In den Reihen der Unions-geführten Bundesländer mehren sich die Stimmen für eine von den Atomkonzernen vorgeschlagene Vertragslösung. So bevorzugt Niedersachsens Ministerpräsident David McAllister eher einen Fonds. "Ich kann mit beidem leben", sagte McAllister. "Wir haben keine grundsätzlichen juristischen Einwände gegen die Brennelementsteuer. Aber in der Landesregierung gibt es Sympathien für eine Fondslösung." Damit lasse sich zielgerichteter der Ausbau der erneuerbaren Energien fördern. Die Atomkonzerne bieten der Bundesregierung eine Vertragslösung an und wollen die Hälfte der erwarteten Zusatzgewinne in einen Fonds einzahlen.
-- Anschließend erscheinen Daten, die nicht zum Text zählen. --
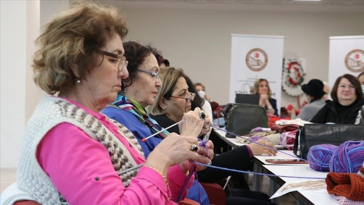 İplerini ve şişlerini de yanlarında getiren kadınların ördüğü atkı ve bereler bir haftada tamamlanacak ve ihtiyaç sahibi çocuklara yılbaşı öncesinde ulaştırılacak.
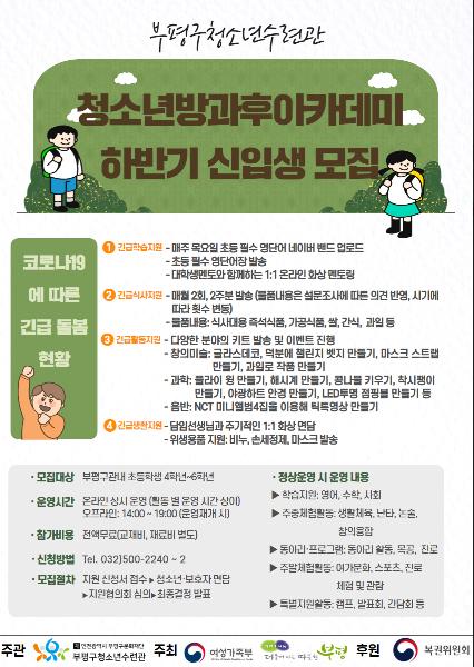 부평구(구청장 차준택)청소년수련관 청소년방과후아카데미는 17일 긴급돌봄서비스 형태로 진행하는 ‘2020년 하반기 신입생’을 모집한다.
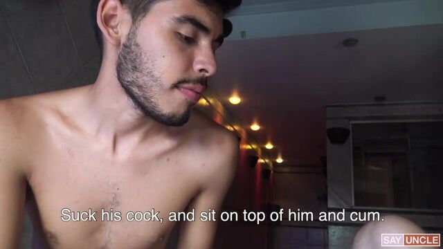 On a gray, rainy day like this, I never expect to find a smoking hot stud like the one I come across today. This twunk has a package that makes my mouth water, so I offer him some shelter and a couple of bucks to show me what he’s working with. He unveils his rod, and just as I expected it’s thick and beautiful. He’s so fucking hot that I just need to watch him fuck my little buddy’s tight asshole. I call the cute boy over and he licks and slobbers and rides the guy’s boner before drinking a mouthful of his warm leche.

Umweltminister Röttgen hält dagegen an der Brennelementesteuer fest. Angesichts von Milliardengewinnen müssten die Konzerne "sehr genau erklären, warum sie eine Steuer nicht schultern können", meinte Röttgen. Ein Großteil der zusätzlichen Gewinne, die aus Laufzeitverlängerungen erzielt werden, sollten in die erneuerbaren Energien fließen. Zu Forderungen aus Union, FDP und Wirtschaft, statt einer Brennelementesteuer einen Vertrag mit den Kernkraftbetreibern abzuschließen, erklärte der in den eigenen Reihen nicht unumstrittene Umweltressortchef: "Die Politik muss mächtige Unternehmen gerade auch im Steuerrecht so wie die normalen Bürger behandeln." Deshalb dürfe der Staat "grundsätzlich nicht mit einzelnen Unternehmen einen Deal machen".

Unterstützung erhielt Röttgen vom Chef der Monopolkommission, Justus Haucap. Er sehe die Gefahr, dass bei einem Vertrag mit den Stromkonzernen der Eindruck entstehe, der Staat lasse sich die Brennelementesteuer abkaufen.